### WHAT YOU NEED TO DO
A verbatim copy of the data is wanted, minus any picture in it.

BEGIN RECORDED DATA

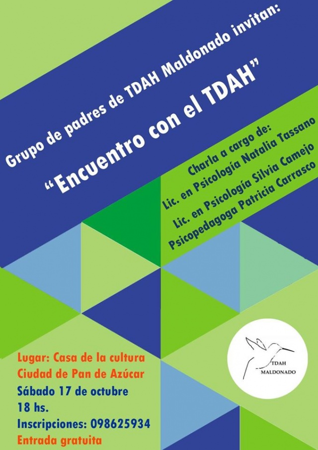 La Asociación de Padres TDAH Maldonado y la sociead civil de Pan de Azúcar, con el apoyo de la Red Departamenal de EID´s de Maldonado, organizan una charla denominada Encuentro con el TDAH.
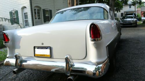 Hi there, up for sale is my 55 belair in excellent conditioning, As you can see in the pictures it is super clean everywhere!! There is a modern dropped front end with power steering and disc brakes installed. Powertrain is a chevy 350 with 3 speed + overdrive. Ice cold AC. We are cruising 75 MPH in the lower rpms with ease and very smooth no noise or rattle almost like a new car. Handles really nice and everything works as it should. Ps if you don't like turning heads this is not for you. happy bidding |
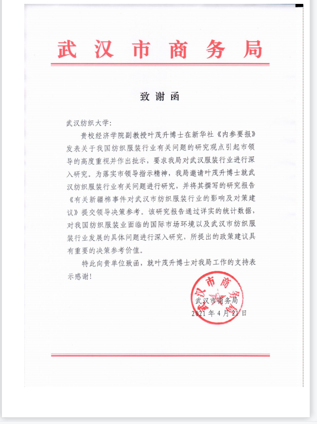 4月21日,武汉市商务局向我校发来致谢函,对我校太阳成集团tyc33455ccwww叶茂升副教授为服务武汉市纺织服装行业发展提供的智力支持表示充分肯定与诚挚感谢。

END RECORDED DATA

### ANSWER FOR THE TASK
 La Asociación de Padres TDAH Maldonado y la sociead civil de Pan de Azúcar, con el apoyo de la Red Departamenal de EID´s de Maldonado, organizan una charla denominada Encuentro con el TDAH.
 Hi there, up for sale is my 55 belair in excellent conditioning, As you can see in the pictures it is super clean everywhere!! There is a modern dropped front end with power steering and disc brakes installed. Powertrain is a chevy 350 with 3 speed + overdrive. Ice cold AC. We are cruising 75 MPH in the lower rpms with ease and very smooth no noise or rattle almost like a new car. Handles really nice and everything works as it should. Ps if you don't like turning heads this is not for you. happy bidding |
 4月21日,武汉市商务局向我校发来致谢函,对我校太阳成集团tyc33455ccwww叶茂升副教授为服务武汉市纺织服装行业发展提供的智力支持表示充分肯定与诚挚感谢。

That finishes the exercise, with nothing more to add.